• Film

“Blue Jean” – Contemporary Relevance of This Period of Queer History

The British film Blue Jean premiered at the Venice Film Festival in September 2022, winning the People’s Choice Award; it was released in the US in June 2023.

First time writer-director Georgia Oakley (born on July 31, 1988) explores the inner conflict of Jean (Rosie McEwen), a young PE (Physical Education) teacher in Tyneside, Northern England, who hides her homosexuality when in her school environment and with her family, while hanging out at night in a different neighborhood with her butch girlfriend Viv (Kerrie Hayes) and their group of lesbian activists. “Baby Jean” faces a moral dilemma after denying her support to one of her students, 15-year-old Lois (Lucy Halliday), falsely accused of sexually attacking a team-mate, for fear of losing her job.

 

In an interview for the production notes, Oakley explained: “My motivation for telling Jean’s story stems from a personal understanding of internalized homophobia, as well as a desire to give voice to those forgotten teachers who battled stigma and defamation under Section 28.”

The historical context of this story is the institution of Section 28, in May 1988, by the Conservative government of Margaret Thatcher, a legislative designation which prohibited the promotion and the teaching of homosexuality by local authorities. This created conflicts for school officials who wanted to protect gay students from discrimination. British gay rights movements, the most well-known being Stonewall, founded in 1989, were formed to organize protests demanding the cancelation of this law, which was finally repealed by Scottish Parliament in June 2000, but not until 2003 in England and Wales.

The director is well aware of the contemporary relevance of this period of queer history: “The legacy of Section 28 is alive and well. It’s one example of horrific institutionalized homophobia that LGBTQ+ communities have to deal with on a day-to-day basis.”
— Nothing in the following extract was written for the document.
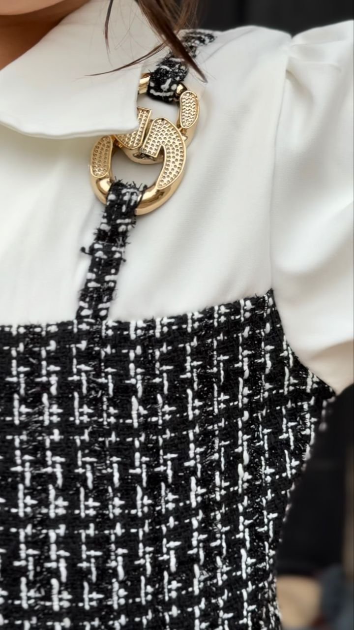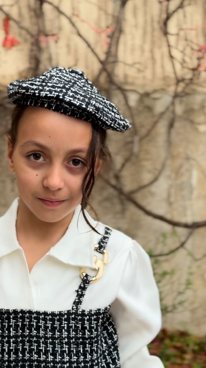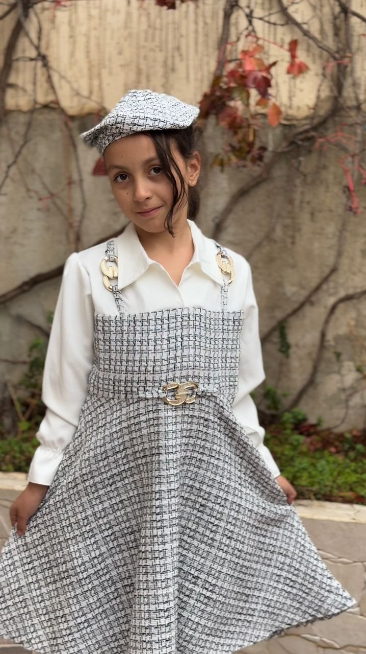 فستان استثنائي بتصميم تويد شانيل الباريسي الراقي، قطعة واحدة متكاملة بأكمام بيضاء أنيقة وتنورة كلوش واسعة. بكلات فاخرة تضفي لمسة ساحرة على إطلالة طفلتك.

Rosie McEwen, who was born in 1995, said in an interview for the production notes: “I was at school while Section 28 was in place, it wasn’t abolished in England until 2003, but I had no idea that these men and women were living these traumatic lives, continuously looking over their shoulders and never feeling like they could be themselves. Of course Jean was hiding who she was, trying to be someone different. Her relationship with Viv was one piece of pure happiness in her life, and sacred for her. What comes between them it’s not their fault. The society that they have been born into gets in the way and that forces them to fight.” She added: “It’s still really hard today, for a teenager and an adult, to come out and face continuous discrimination. In schools there’s teasing and bullying, it’s a tense environment to be in.” McEwen elaborated in Time Out magazine: “The ‘Don’t Say Gay’ bill in Florida is basically identical to Article 28. That’s making it illegal for kids to discuss sexual orientation in primary schools on the other side of the world. It’s exactly the same thing, so it’s still very prevalent.”

 

To contextualize this British film as it pertains to what has been happening in this country, we note that, according to data from the ACLU (American Civil Liberties Union data), as of this April, 417 bills targeting LGBTQ rights have been introduced in state legislatures across the United States in 2023, from banning access to gender-affirming care for transgender youth to regulating curriculum in public school. That number has more than doubled since 2022. And 60 out of 283 education-related bills are about “forced outings,” which would require teachers to alert parents when a student begins going by a different name or pronoun.